Down The Rabbit Hole… er … Wormhole

Long a standard in science fiction, wormholes are used to move the action across immense distances.  Distances that would take several generations to cross at light speed.  Several millennia, actually.  We see them as super-highways across the cosmos.  Want to get to Andromeda?  No problem, just jump into a wormhole and you’ll be there in hours.

Honestly?  That’s pretty close.  A wormhole, basically, is a hypothetical shortcut through spacetime.  If you think of “spacetime” in two dimensions, like a piece of paper, it’s easy to visualize.  Just fold your piece of paper over, and you can see how a wormhole can “bridge” two sections of spacetime to create a shortcut.  Look at this:

Spacetime in 2D - image by en:Benji641 all rights reserved

The 2D image helps you to get a fix on the concept, but it’s really more complex than that.  A wormhole is an unvisualizable structure existing in four or more dimensions.  It’s a tunnel between you and anywhere.  Imagine you want to go to Paris, France, for dinner.  Let’s say you live quite a distance from Paris… like on the other side of the Earth.  You could open a wormhole “bridge” between you and your favorite Paris restaurant and step right over to it.  This image shows that type of bridge between the Physics Building of Tubigen University in Germany and the sand dunes of Boulogne Sur Mer in North of France:

wormhole imagery - Philippe E. Hurbain all rights reserved

That’s fairly easy to imagine, right?  How about a wormhole not between two different locations in the universe, but a wormhole between two different universes?  Imagine two points of gravity (black holes) in two different universes attracting each other.  As they approach, the fabric of spacetime distorts, stretches, and then touches.  The points of contact, two white holes now, meet to form a tunnel.  Look at this:

Merging - image by University of Colorado

That sounds great, doesn’t it?  Well, it does until you get to reading more about it.  For one thing, wormholes are unstable.  Very unstable.  Also, think a moment about those two points of gravity meeting.  You enter at one point, and immediately become stuck in the center.  See, the other point, the “way out”, is drawing matter in towards the center, too.  You can’t turn around and go out the way you came in, because that’s a point of gravity drawing matter in towards the center.  Now you’re stuck in a Schwarzschild Bubble.  You cannot exit either way, because in both ways you’re moving against the force of a black hole.

Okay, how about a wormhole created by a black hole spitting matter out, as in a white hole?  If that possibility exists, you sill have the unpleasant reality of meeting the singularity before your component parts get spat out.  Notice I said “your component parts”, not “you”.  You can forget about “you” at this point.  I guess the labeling of the parts of the wormhole should provide clues to its nature; the mouth, the throat… doesn’t sound promising.

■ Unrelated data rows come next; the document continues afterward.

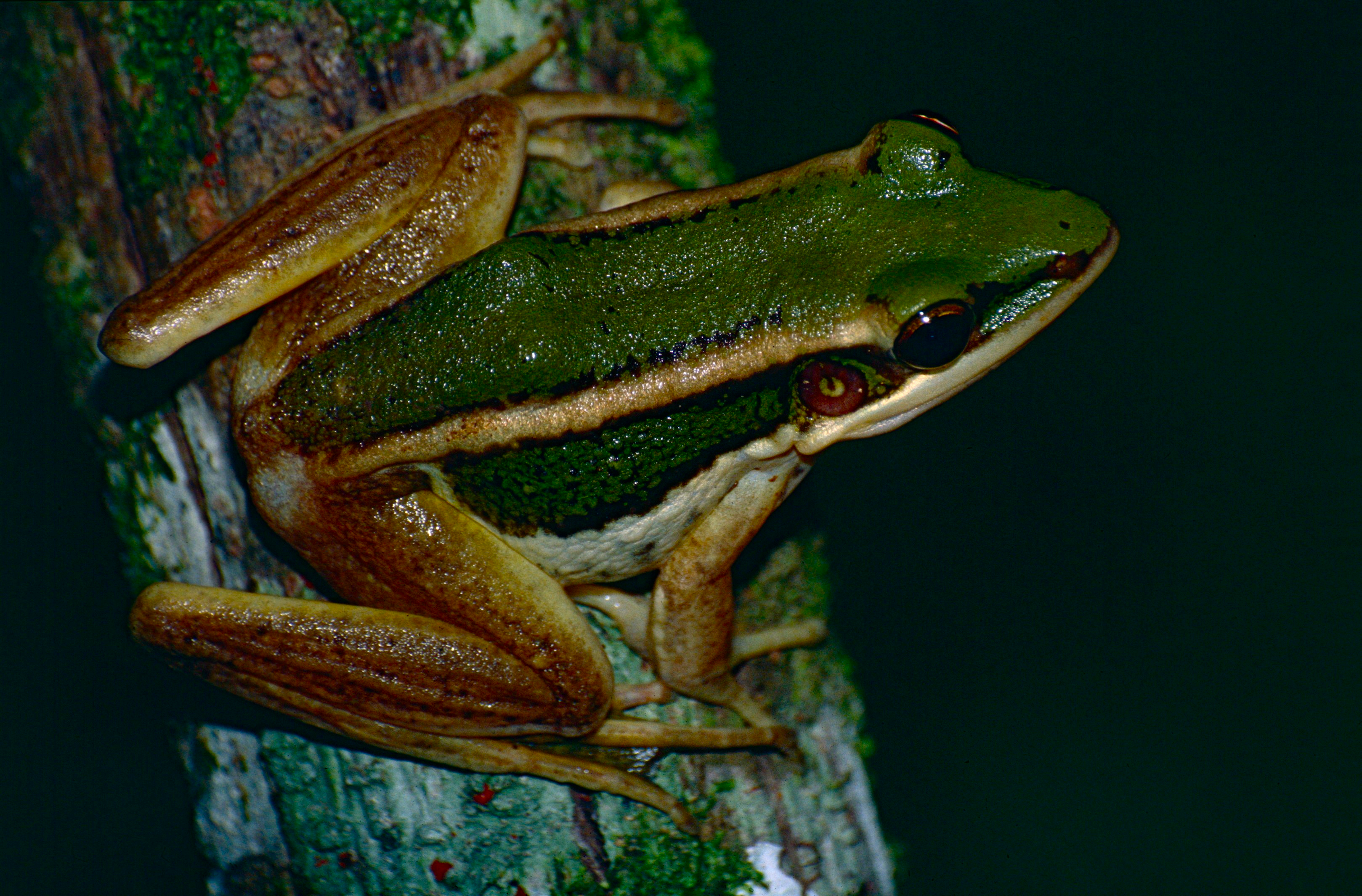 Sepilok NP, Sabah, MALAYSIA Scanned slide from 2001
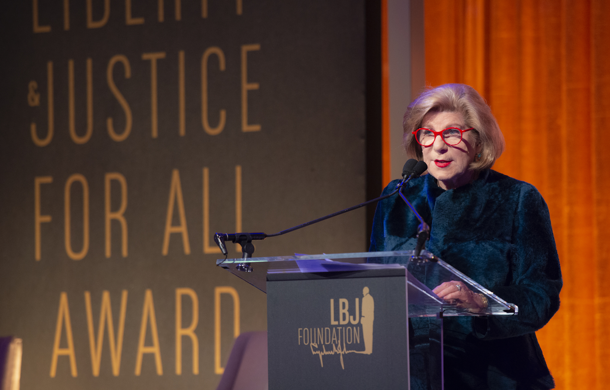 Nina Totenberg, legal affairs correspondent for NPR, serves as master of ceremonies during a tribute to U.S. Supreme Court Justice Ruth Bader Ginsburg at the Library of Congress in Washington, D.C. on Jan. 30, 2020.
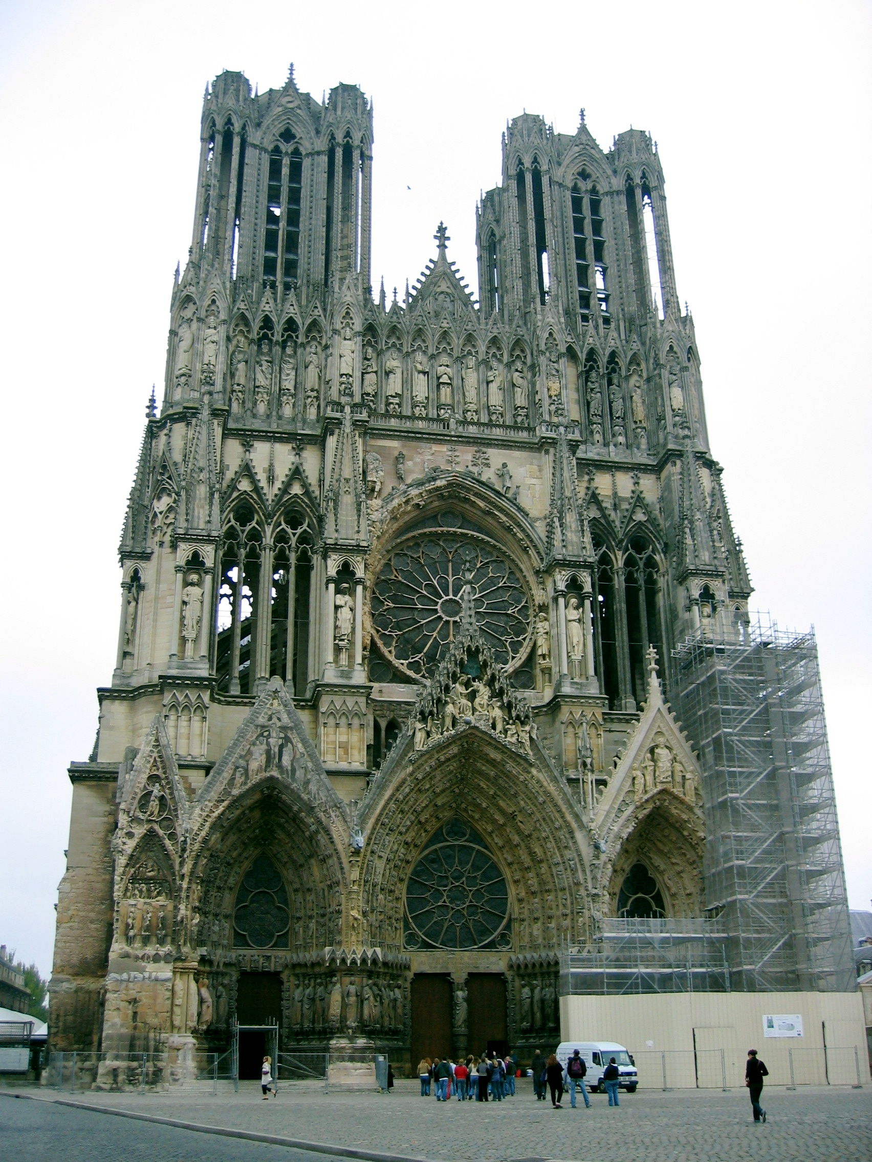 Reims cathedral
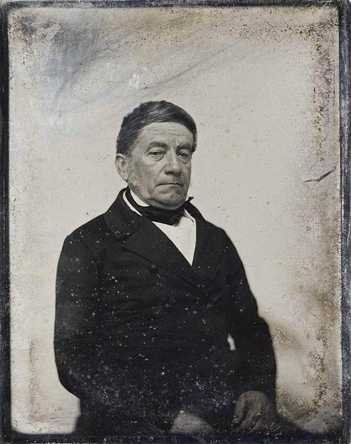 Jose Maria Paz, Argentine military officer.

Cover art of "Portal" video game - Valve Corportation, Microsoft Studios - Game uses wormholes to traverse areas of play

Still… if only.  It would be great to pop into a wormhole and exit on the other side of the galaxy. I know there are more types of wormholes than I covered here, and some of them sound promising.  What’s your favorite?  Do you think a human could ever survive a trip down a wormhole?  Could we get back home?